The station was the first place in London to be hit by German Gotha bomber aircraft during World War I. The May 1917 bombing, which saw the station take a direct hit from 1000 pounds of bombs, killed 162 people.

The station was extensively modified between 1985 and 1992, including bringing all the platforms in the main shed up to the same end point and constructing a new underground booking office, but its facade, steam age iron pillars and the honour roll for Great Eastern Railway employees that died in the Great War were retained. It was officially re-opened by Queen Elizabeth in 1991.

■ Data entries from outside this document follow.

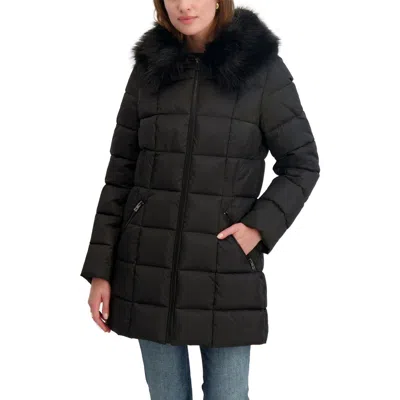 Womens Velvet Bibbed Faux-fur Hooded Puffer Coat In Black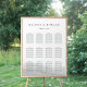 Wedding guest seating chart matches our Mist collection, featuring a sheer watercolor wash of pale grey along the bottom, with charcoal off-black lettering.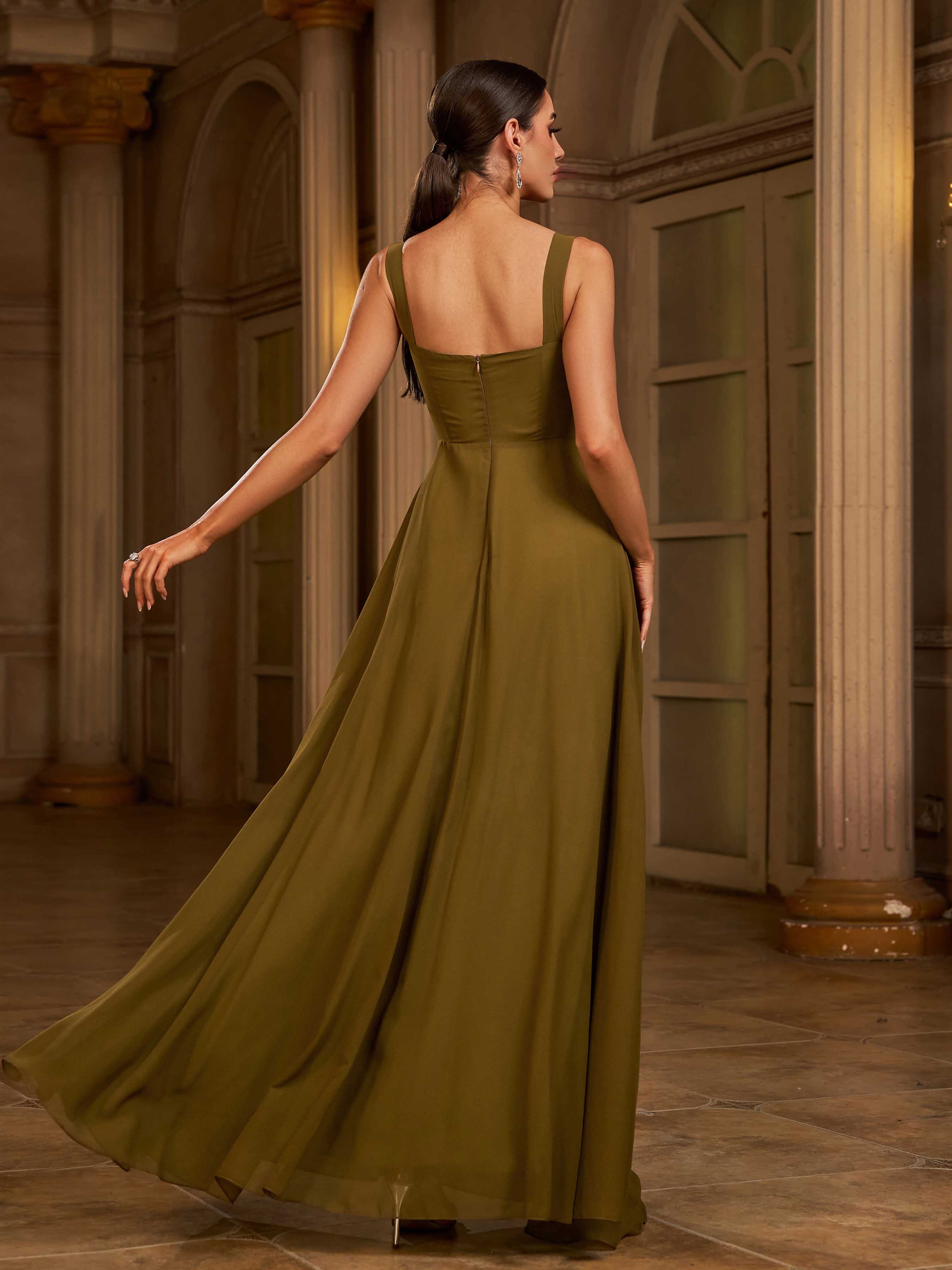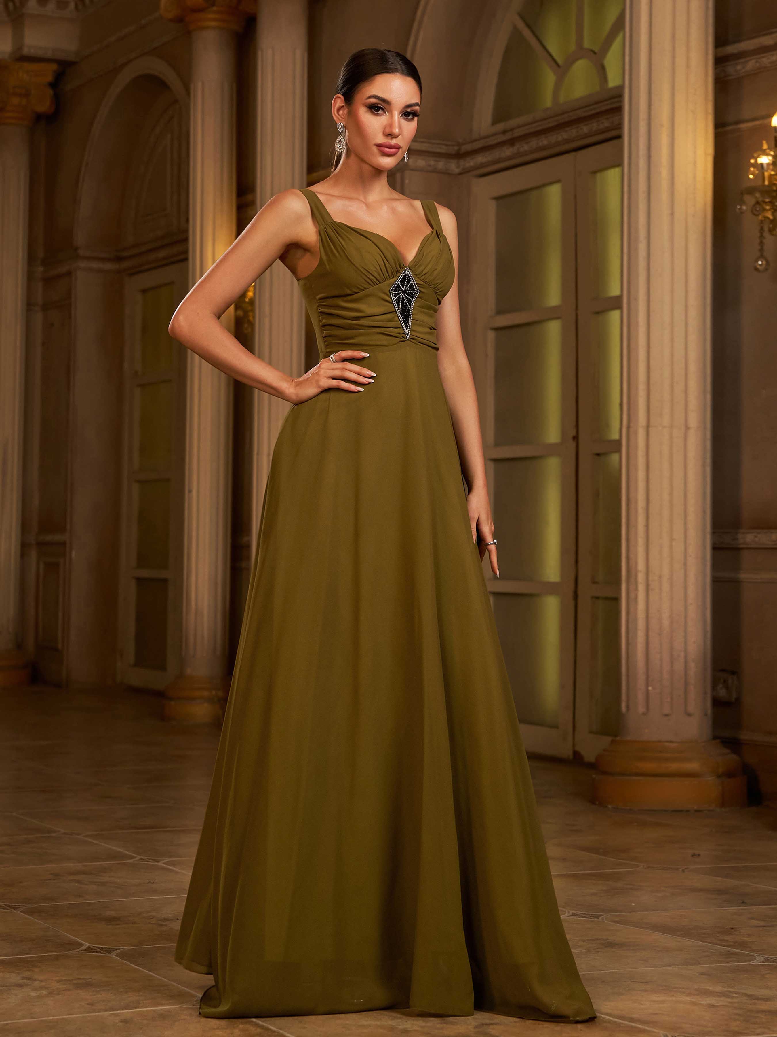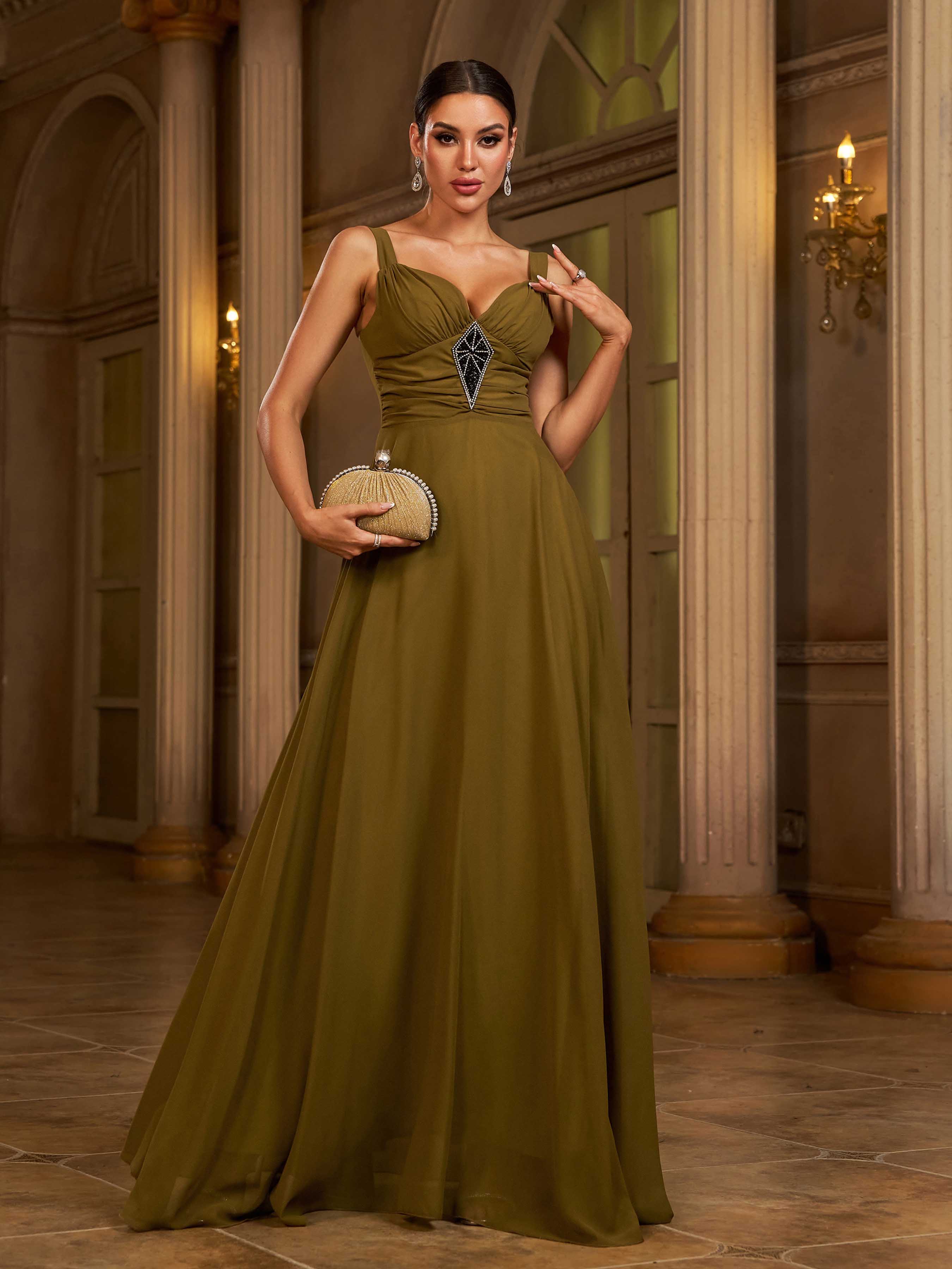 Olive Rhinestone A-line Swing Prom Dress RJ12142

Liverpool Street serves destinations in eastern England including Stansted Airport, Cambridge, Lowestoft, Great Yarmouth, Norwich, Ipswich, Chelmsford, Colchester, Braintree, and the port of Harwich, as well as many suburban stations in north-eastern London. It is one of the busiest commuter stations in London.

The connected London Underground station has sub-surface platforms (opened in 1875) on the Circle, Metropolitan and Hammersmith & City lines.

Below the main line and sub-suface station complex are deep level tube platforms for east and westbound Central Line services. The Central Line platforms opened on 28 July 1912, at which time it was the eastern end of what was then known as the Central London Railway.

In the years following the 9/11 terrorist attacks in the United States, two fictional docu-drama portrayed how a terrorist organisation might seek to attack London, chosing Liverpool Street station as the specific target. The programmes turned out to have a degree of truth following the attacks of 7 July 2005.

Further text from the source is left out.